Like others, he emphasises informal “low stakes” approaches to bring students with different perspectives together. Johnson at Wellesley says she has increased outreach in dormitories with residential advisers who knock on doors and invite students to come together daily for joint activities. “You don’t choose who’s with you, so they are critically important learning grounds. It’s a low-stakes way of building community.”
However, college administrators face broader pressures that are in some ways beyond their control. The first has been managing a generation of students confronted by mental health issues because of fears about, among other things, climate change and an uncertain job market.

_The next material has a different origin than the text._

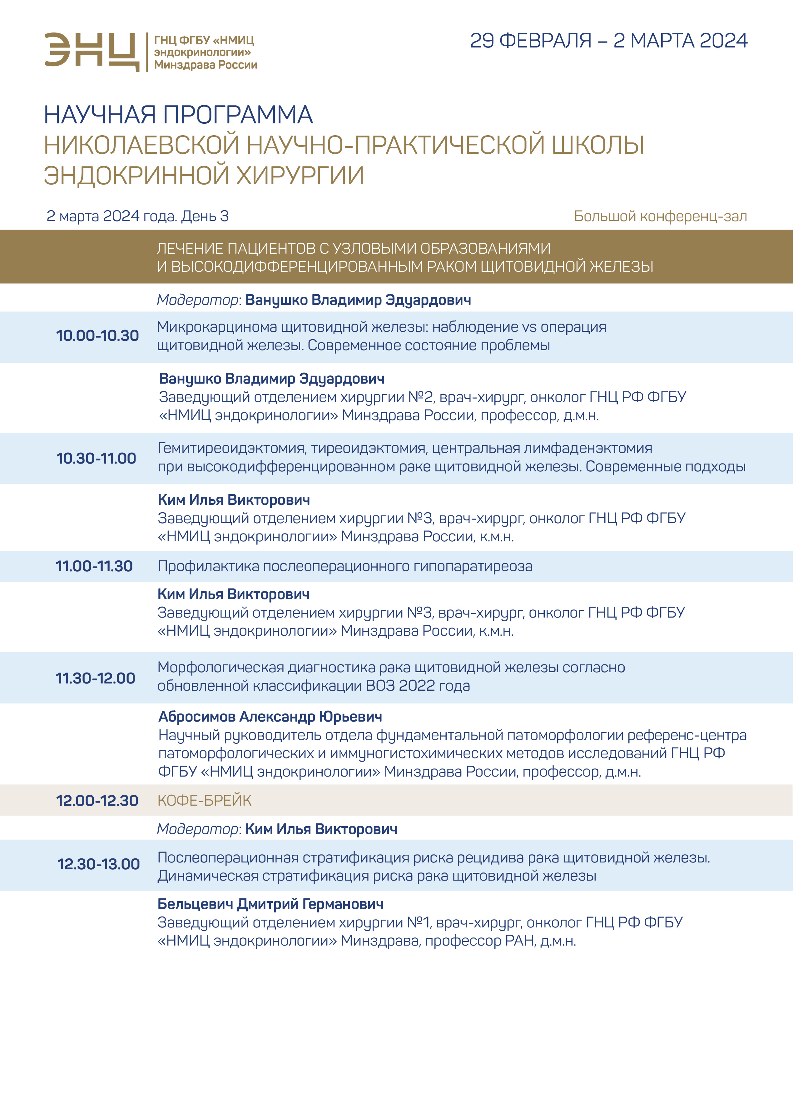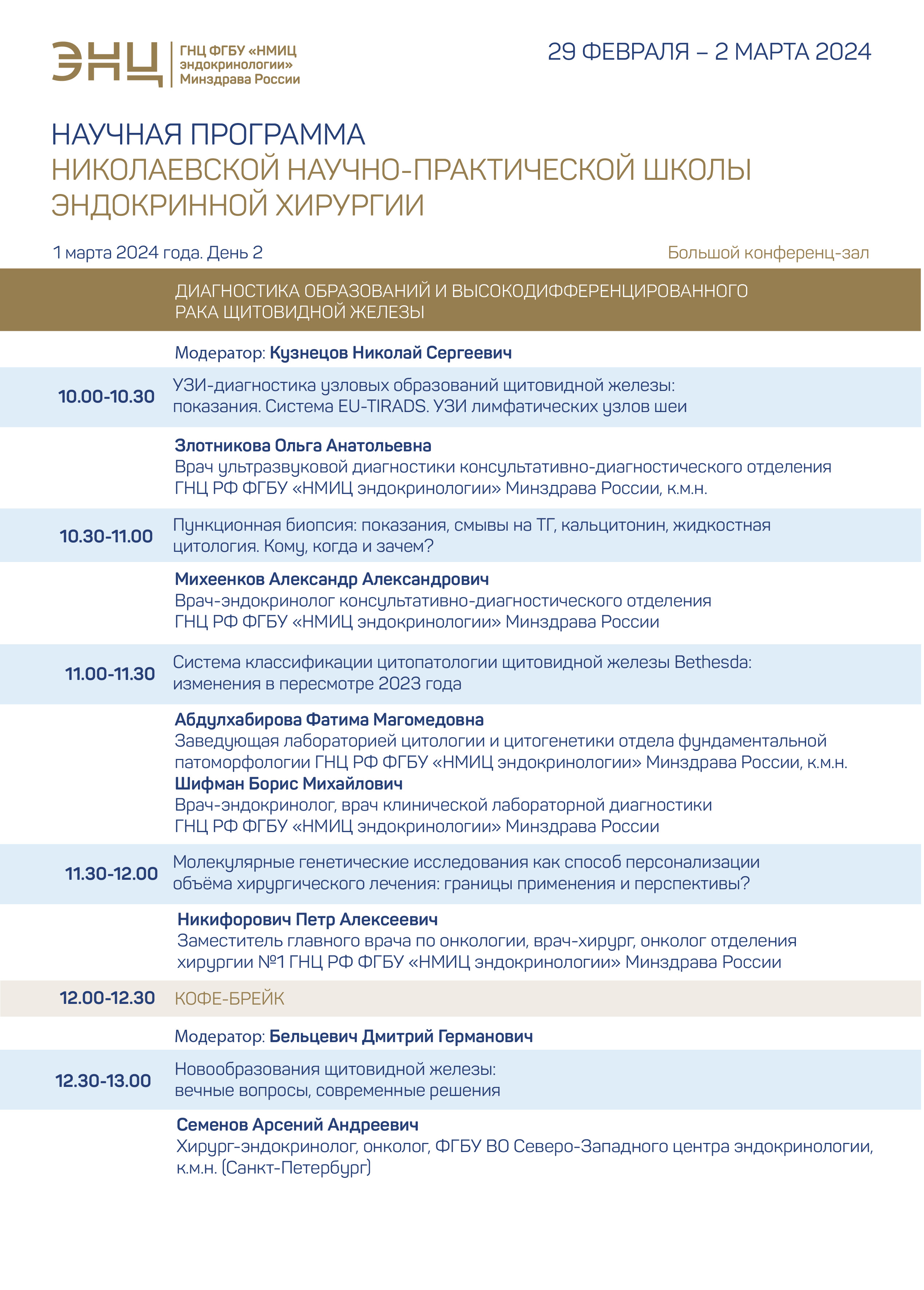 4. Научная программа Николаевской научно-практической школы эндокринной хирургии (29 февраля – 2 марта 2024). 1 марта 2024 года. День 2. 10.00-13.00.

They are moving into adulthood after a period of enforced social isolation during pandemic lockdowns in which they turned to social media, with its emphasis on performative outrage and divisiveness.
Beilock says more face-to-face discussion is needed to resolve conflicts between students. “Roommate conflicts used to be resolved by talking. Then it went to texts and voice memos. Now it has escalated to asking for help from someone [in authority],” she says.
Sunjay Muralitharan, president of College Democrats of America, who issued a joint statement with his Republican counterpart after Kirk’s killing calling for “respectful dialogue”, said: “Social media is definitely conducive to echo chambers. We can blame it a lot for radicalisation. We need to spend more time valuing the struggles of young men in contemporary America.”
A second difficulty for colleges is tackling the wider attitudes of US society, not least from its political leaders.
“We still need to address the new permission structure that has been created for vitriolic rhetoric and violent reactions in response to political, social, and cultural disagreement,” said Lynn Pasquerella, president of the Association of American Colleges and Universities.
“Civil discourse needs to be modelled not only in the academy but across all sectors of society.”